Curbelo is well-armed for battle financially: As of Sept. 30, he reported $1.2 million in his campaign account. Taddeo ended the reporting period with $358,000 in the bank but reported debts of $480,000.

Frank Jackalone, a senior organizer at the Sierra Club’s Florida chapter, said it is too early to determine whether the group would endorse Curbelo’s re-election bid but emphasized that the organization does consider all candidates.

"The Sierra Club is interested in supporting candidates of both parties, and even of other parties, even if they’re a good independent or third-party candidate, we look at them all, and we look at their records," Jackalone said. "If we’ve got a Republican who is a supporter of climate change science and a supporter of federal action to address that — not just mitigation but the causes of climate change — we’re going to take a long hard look at that candidate in our endorsement process. We would love to have more Republicans to endorse."

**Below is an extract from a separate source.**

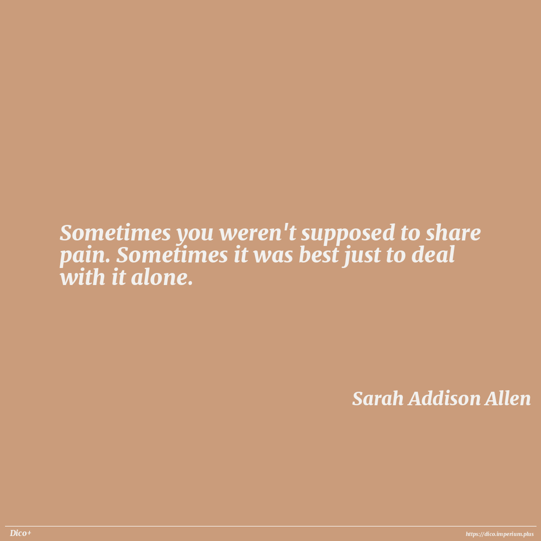 Sometimes you weren't supposed to share pain. Sometimes it was best just to deal with it alone.
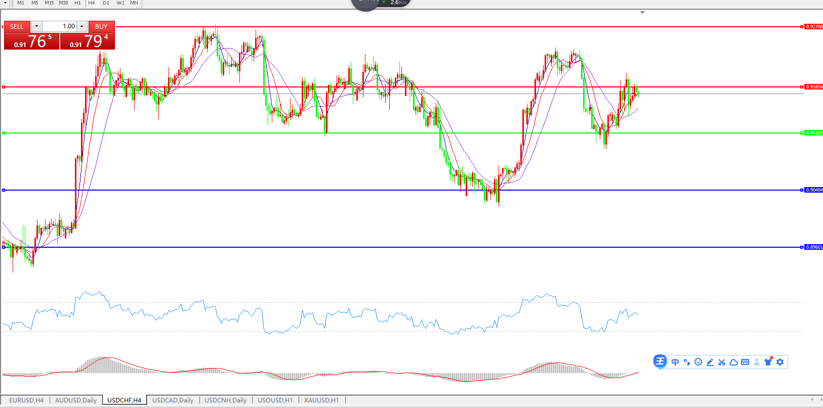 美元兑瑞郎USDCHF 4小时图:

ConservAmerica Executive Director Rob Sisson, whose group supports Republican environmentalists and invested $21,000 in independent expenditures to back Curbelo’s initial bid, said he hopes to see other environmental groups step up to assist the Republican.

"I would hope that this is one of those candidates that left-of-center environmental groups say, ‘Listen, we could go out and recruit and get a Democrat to run … but here’s a guy, a Republican, who’s working in the caucus. In his first term, he’s already come out as a leader on climate change. It’s probably better for the country as a whole if we get behind this guy and get him re-elected."

He added that support from all segments of the environmental movement could help encourage more climate change advocates within the GOP.

"It helps send a message to Republicans around the country that if you’re pragmatic and approach these things with common sense … there are going to be voters and organizations to support you," Sisson said.